(Beginning of DATA TO USE)
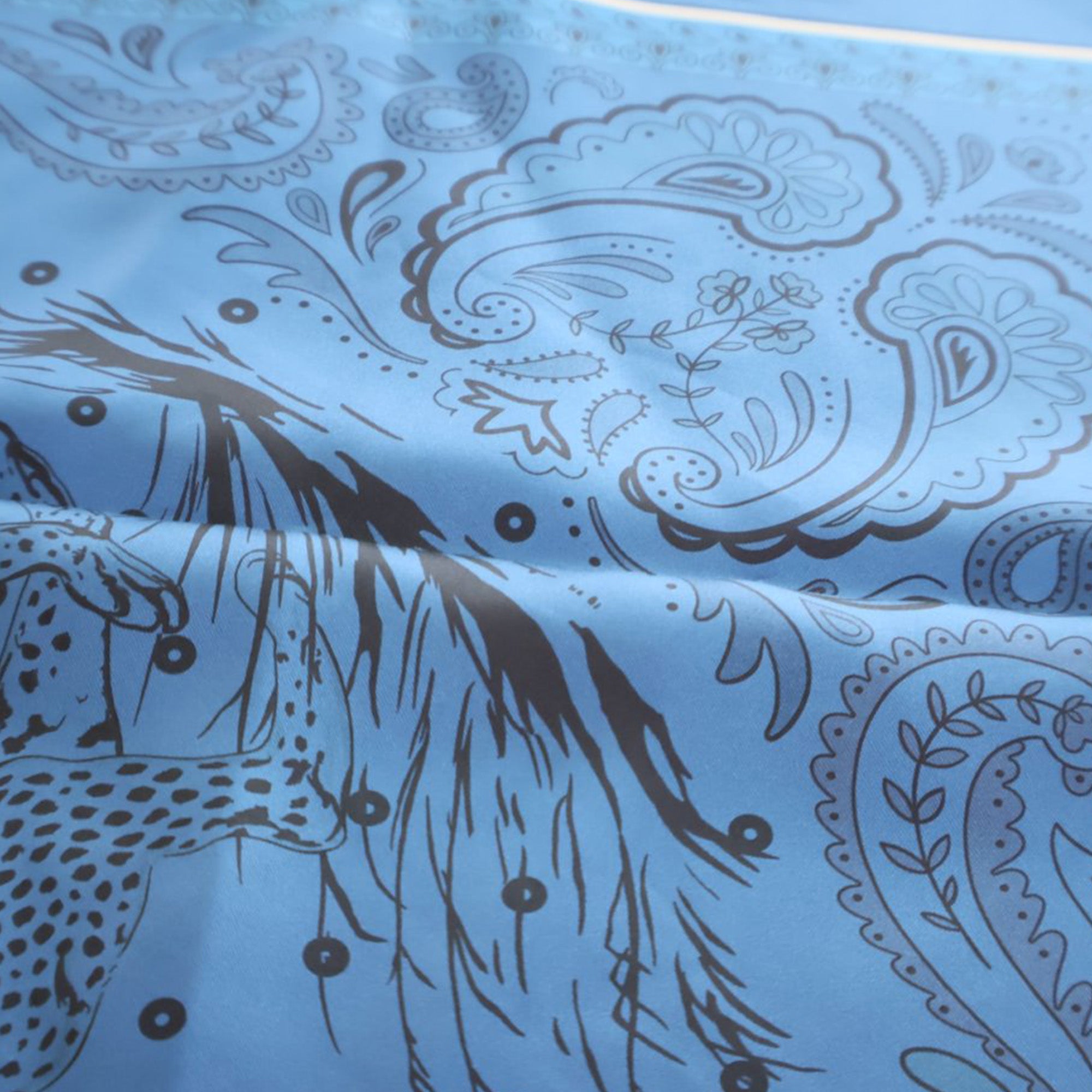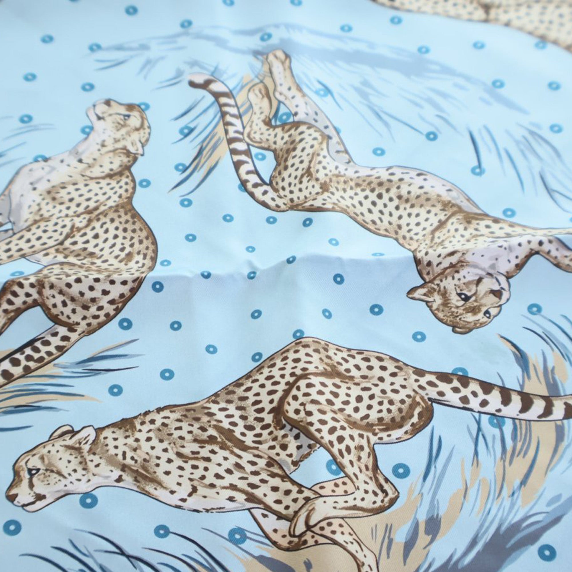 Blue Hermès Guepards Bandana Double Face Silk Scarf Scarves
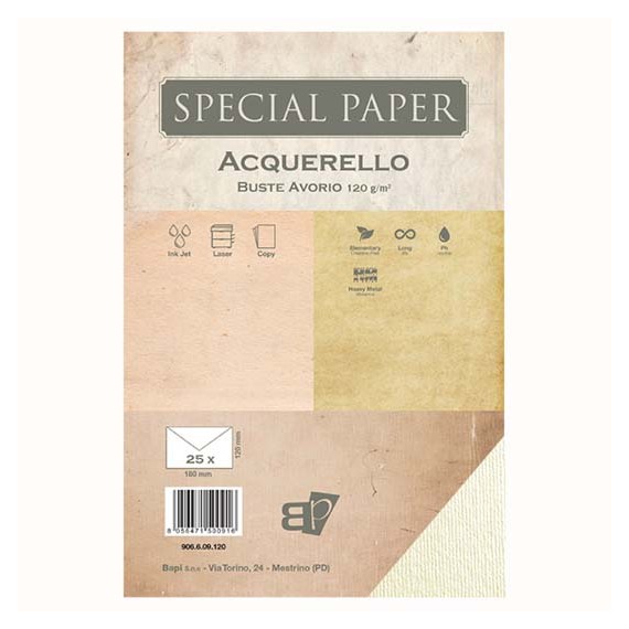 Buste Bapi Acquerello Avorio 12x18 120 gr. 25 pz. (Fine Stock)
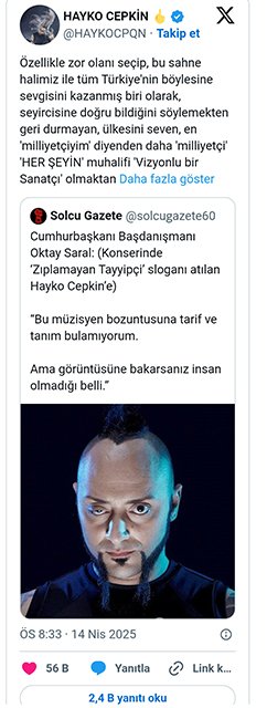 Görüntülerin yayılmasının ardından Cumhurbaşkanı Başdanışmanı Oktay Saral, sosyal medya platformu X (Twitter) üzerinden yaptığı paylaşımda Hayko Cepkin’i hedef aldı.
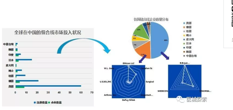 缝合线种类繁多,材料各异,全球竞争激烈,美国巨头独占鳌头,全球市场持增加趋势,缝合线国内市场,进口缝合线仍占据大部分,但国产缝合线也不示弱,获得一定市场份额。
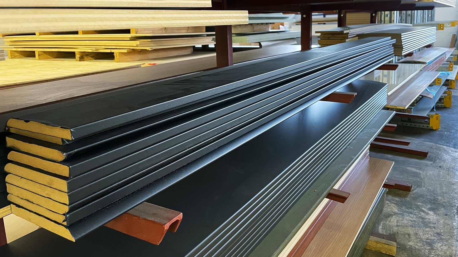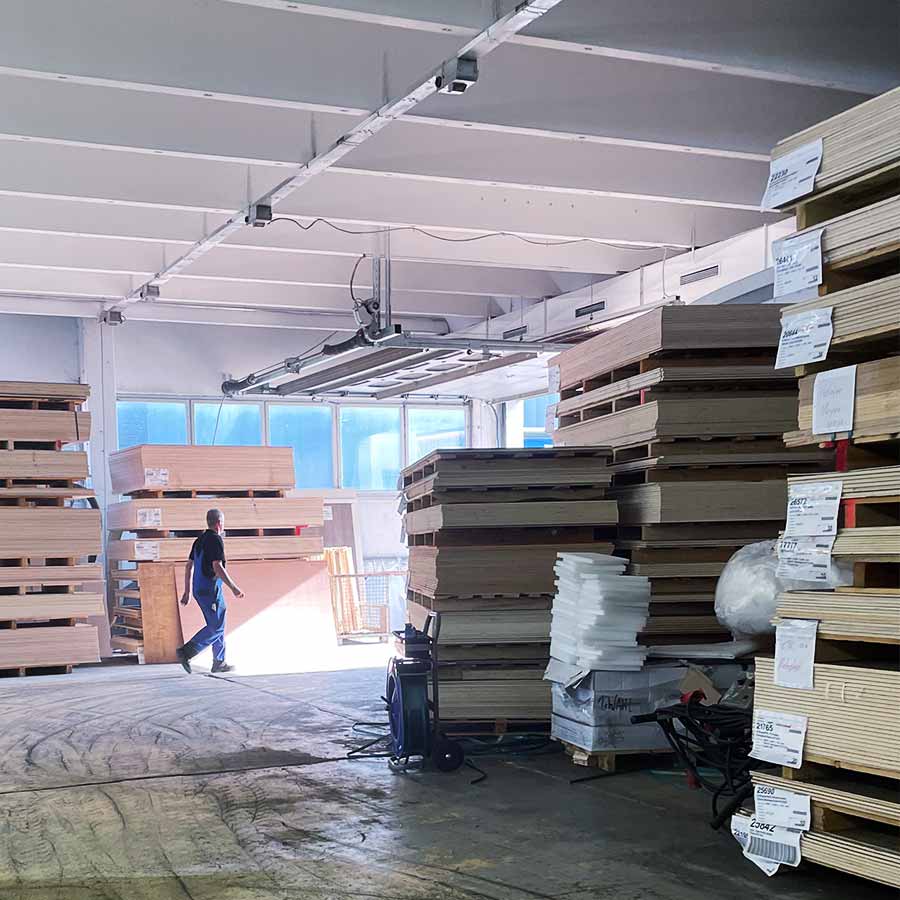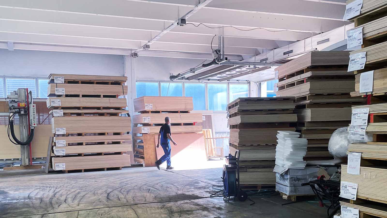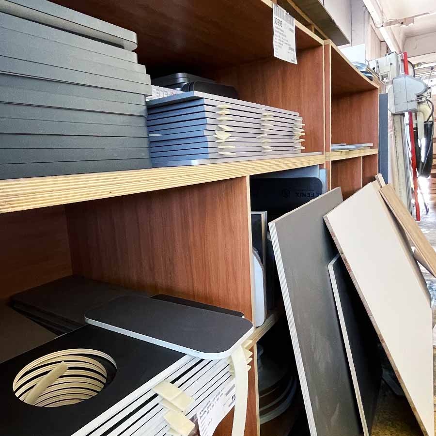 Restbeständen von Holzwerkstoffen, Konstruktionsholz / Sperrholz roh oder beschichtet (auch CPL & HPL) in verschiedenen Stärken / Platten verschiedenster Größen (z. B. Tische oder Arbeitsplatten) / Aluprofile
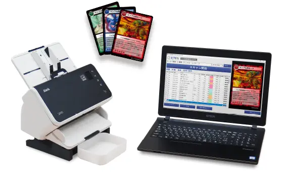 トレーディングカードの絵柄を自動識別し、データベースから相場買取価格を取得するシステムです。(日本ノーベル自慢の画像処理技術が使われています!)斜めに読み込まれた画像や、光沢のあるホログラムカードといった難条件でも99%以上の精度で判定します。誰でも・効率よく・正確にトレカの買取作業を行うことが出来るシステムとして、全国のリサイクルショップやカード専門店で日々活躍しています。
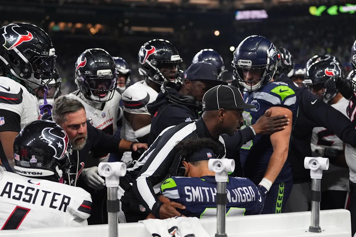 En respuesta, Smith-Njigba empujó a Stingley fuera de los límites en la banca de Houston, lo que provocó que varios jugadores de los Texans rodearan al receptor de los Seahawks y lo empujaran a la banca.
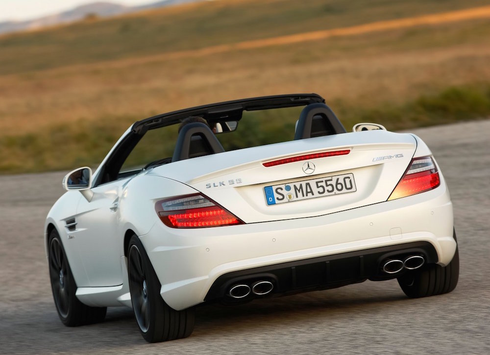 At skære to cylindre fra SLC-modellen sender den tilbage til fortiden, hvor SLK-modellen blev introduceret i den første AMG-udgave. SLK 32 AMG hed den, og under hjelmen husede den en 3.2-liters V6’er med kompressor.
(End of DATA TO USE)
ACTION ITEM> Return exactly the line containing "Restbeständen von Holzwerkstoffen, Konstruktionsholz" and every line after it, up to and including the final line of the entries above. Pictures stay out.

THE COMPLETED TASK>
 Restbeständen von Holzwerkstoffen, Konstruktionsholz / Sperrholz roh oder beschichtet (auch CPL & HPL) in verschiedenen Stärken / Platten verschiedenster Größen (z. B. Tische oder Arbeitsplatten) / Aluprofile
 トレーディングカードの絵柄を自動識別し、データベースから相場買取価格を取得するシステムです。(日本ノーベル自慢の画像処理技術が使われています!)斜めに読み込まれた画像や、光沢のあるホログラムカードといった難条件でも99%以上の精度で判定します。誰でも・効率よく・正確にトレカの買取作業を行うことが出来るシステムとして、全国のリサイクルショップやカード専門店で日々活躍しています。
 En respuesta, Smith-Njigba empujó a Stingley fuera de los límites en la banca de Houston, lo que provocó que varios jugadores de los Texans rodearan al receptor de los Seahawks y lo empujaran a la banca.
 At skære to cylindre fra SLC-modellen sender den tilbage til fortiden, hvor SLK-modellen blev introduceret i den første AMG-udgave. SLK 32 AMG hed den, og under hjelmen husede den en 3.2-liters V6’er med kompressor.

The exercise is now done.